GM is Heading Towards Bankruptcy Yet Again

The state spent billions of tax victim dollars to keep General Motors (GM) from filing bankruptcy and it appears, unsurprisingly, that GM is heading for bankruptcy yet again:

Right now, the federal government owns 500,000,000 shares of GM, or about 26% of the company. It would need to get about $53.00/share for these to break even on the bailout, but the stock closed at only $20.21/share on Tuesday. This left the government holding $10.1 billion worth of stock, and sitting on an unrealized loss of $16.4 billion.

Right now, the government’s GM stock is worth about 39% less than it was on November 17, 2010, when the company went public at $33.00/share. However, during the intervening time, the Dow Jones Industrial Average has risen by almost 20%, so GM shares have lost 49% of their value relative to the Dow.

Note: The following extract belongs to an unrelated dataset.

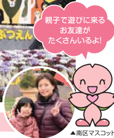
▲南区マスコットキャラクター「みなっち」

This is why bailouts are such a joke, they reward companies that misallocate resources. When a company allocates resources towards fulfilling the desires of consumers that business is rewarded with more resource, which are voluntarily given to them by consumers. When a company misallocates resources by putting them towards producing goods and services consumers don’t want that company doesn’t receive further resources and eventually fails. When you insert government into the mix you destroy the market feedback mechanism as companies are given additional resources even though they’ve failed to provide for consumer wants. If GM gets another bailout there will be even less motivation for them to fulfill consumer desires as they would be rewarded twice for failing to do so, and the government seems more than happy to deliver GM another bailout less it be embarrassed by the dismal failure that the bailout programs have been.